Security Sandboxing Using ktrace(1)
Contact: Jake Freeland <jfree@FreeBSD.org>
Capsicumization With ktrace(1)
This report introduces an extension to ktrace(1) that logs capability violations for programs that have not been Capsicumized.
The first logical step in Capsicumization is determining where your program is raising capability violations. You could approach this issue by looking through the source and removing Capsicum-incompatible code, but this can be tedious and requires the developer to be familiar with everything that is not allowed in capability mode.
An alternative to finding violations manually is to use
ktrace(1). The
ktrace(1) utility logs kernel activity for a specified process.

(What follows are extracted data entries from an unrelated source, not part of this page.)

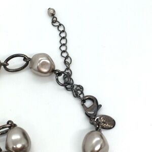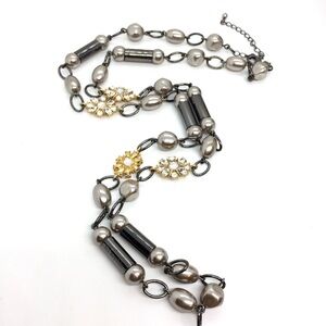 LIA SOPHIA LONG NECKLACE WITH GOLD RHINESTONE PEARL STATIONS GUNMETAL 36” LONG
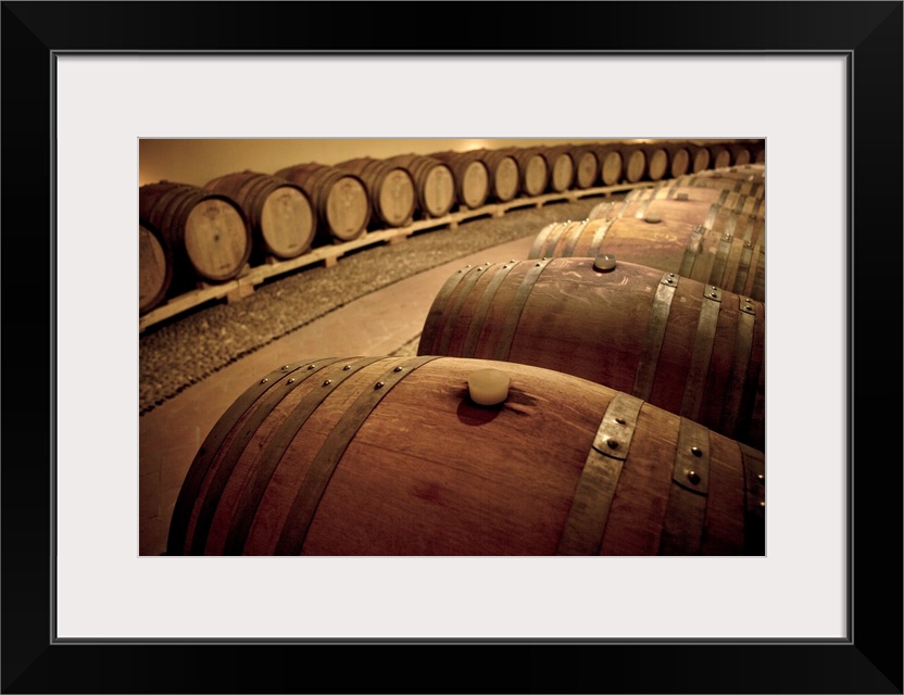 <p>Wine barrels in a cellar in Italy.</p>
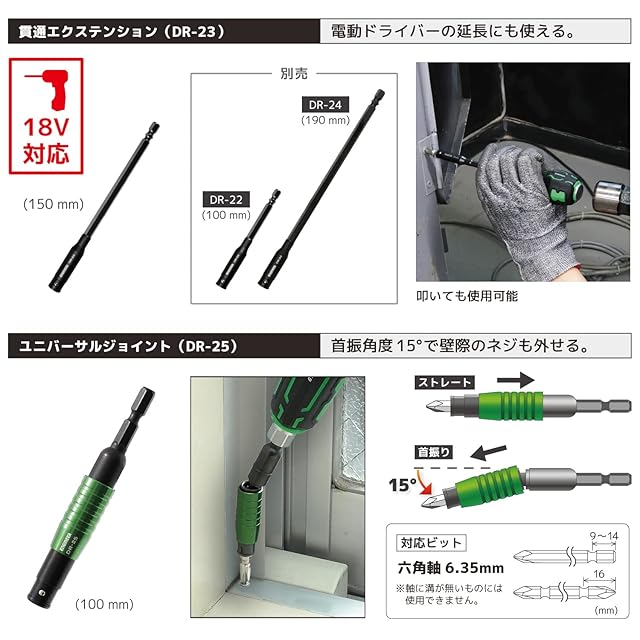 DR-23/叩いて使える、タフネス構造のエクステンションバー。DR-25/壁際のネジもはずせるジョイント付きエクステンション。
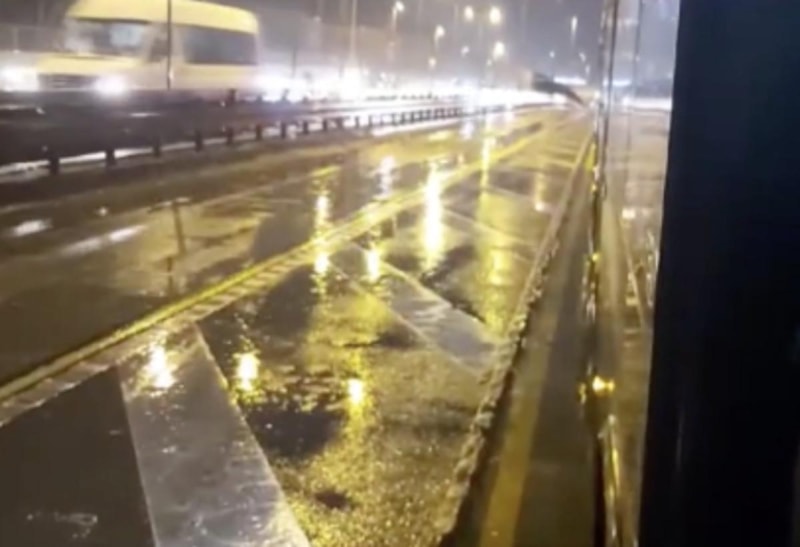 İş çıkış saatine denk gelen arıza trafiğe sebep olurken, o anlar vatandaşların cep telefonuna yansıdı.
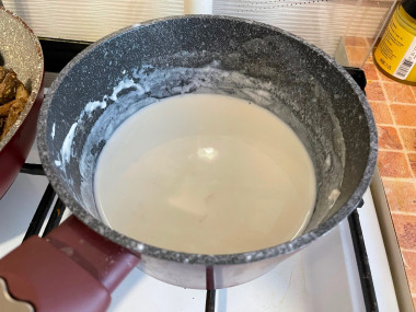 В сотейник влейте воду и разведите муку, постоянно помешивая, чтобы не было комочков. Подготовленную смесь поставьте на медленный огонь, и нагрейте, постоянно помешивая, до закипания. Добавьте сметану, все хорошенько перемешайте и доведите до кипения, не забывая постоянно помешивать, чтоб ничего не пригорело.
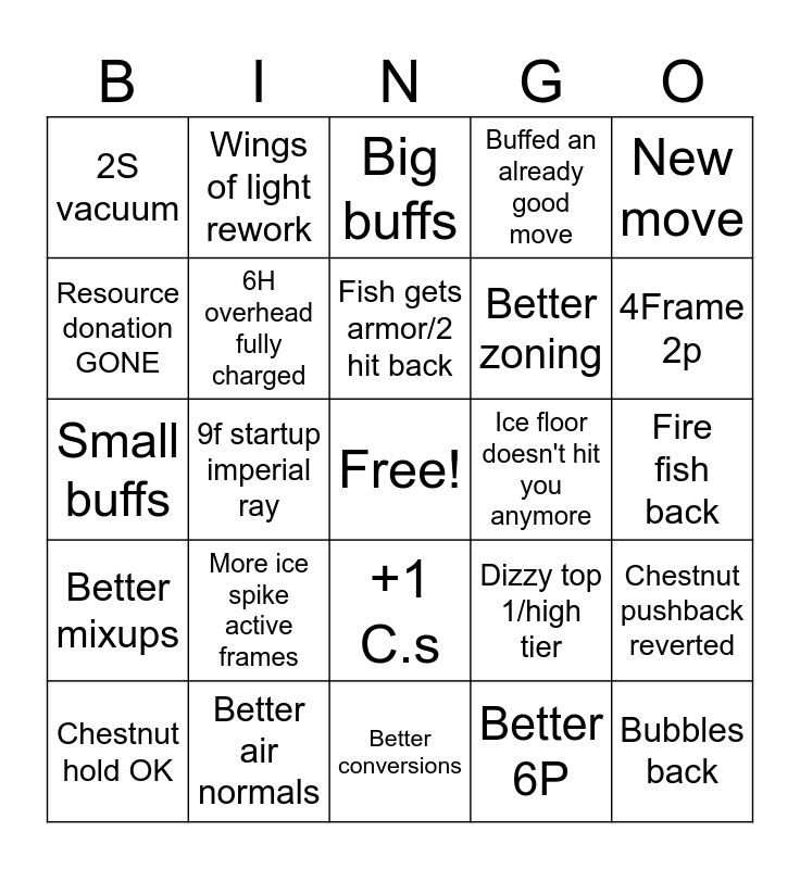 This bingo card has a free space and 24 words: More ice spike active frames, Better air normals, Fish gets armor/2 hit back, Chestnut hold OK, New move, 2S vacuum, Resource donation GONE, Wings of light rework, Ice floor doesn't hit you anymore, +1 C.s, Better zoning, Small buffs, Dizzy top 1/high tier, Chestnut pushback reverted, 6H overhead fully charged, Better 6P, Fire fish back, Big buffs, 4Frame 2p, 9f startup imperial ray, Bubbles back, Better mixups, Buffed an already good move and Better conversions.
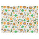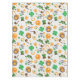A tablecloth with a cute repeating pattern with a bunch of St. Patrick's Day themed images. Green leprechaun boots and hat, a pipe, beer, horsehoes,
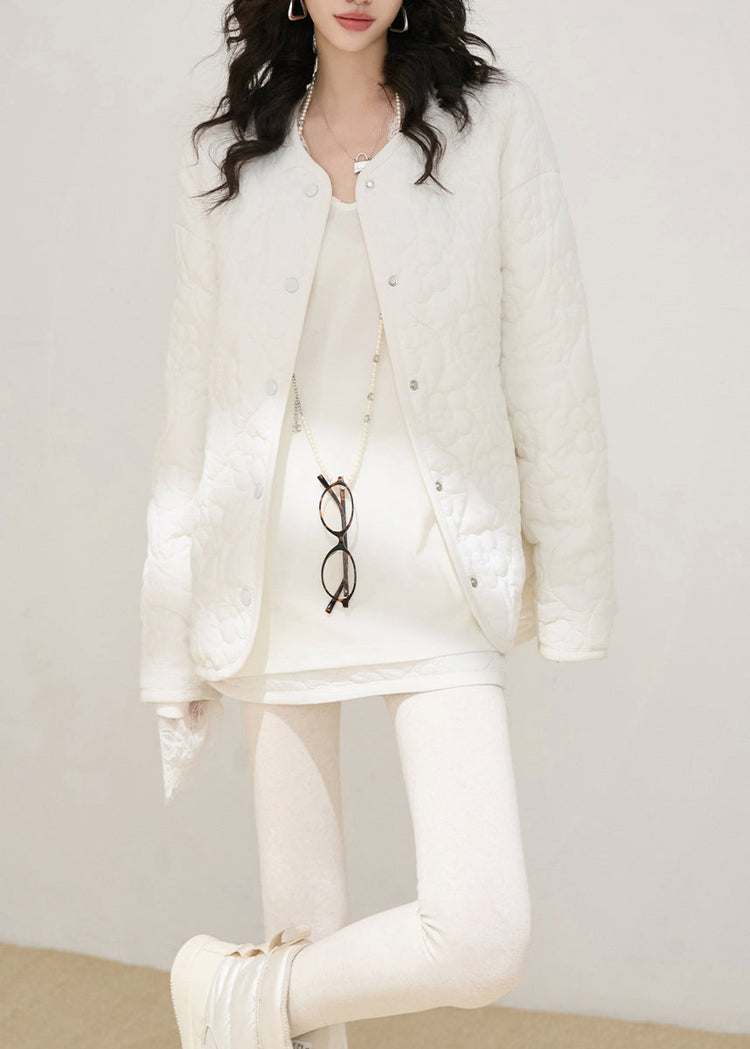 Style White Oversized Embossing Fine Cotton Filled Coats Winter

Capsicum violations occur inside of the kernel, so
ktrace(1) can record and return extra information about your
program’s violations with the -t p
option.
Programs traditionally need to be put into capability mode
before they will report violations. When a restricted system call
is entered, it will fail and return with ECAPMODE: Not
permitted in capability mode
. If the developer is doing
error checking, then it is likely that their program will terminate
with that error. This behavior made violation tracing inconvenient
because
ktrace(1) would only report the first capability violation, and
then the program would terminate.
Luckily, a new extension to ktrace(1) can record violations when a program is NOT in capability mode. This means that any developer can run capability violation tracing on their program with no modification to see where it is raising violations. Since the program is never actually put into capability mode, it will still acquire resources and execute normally.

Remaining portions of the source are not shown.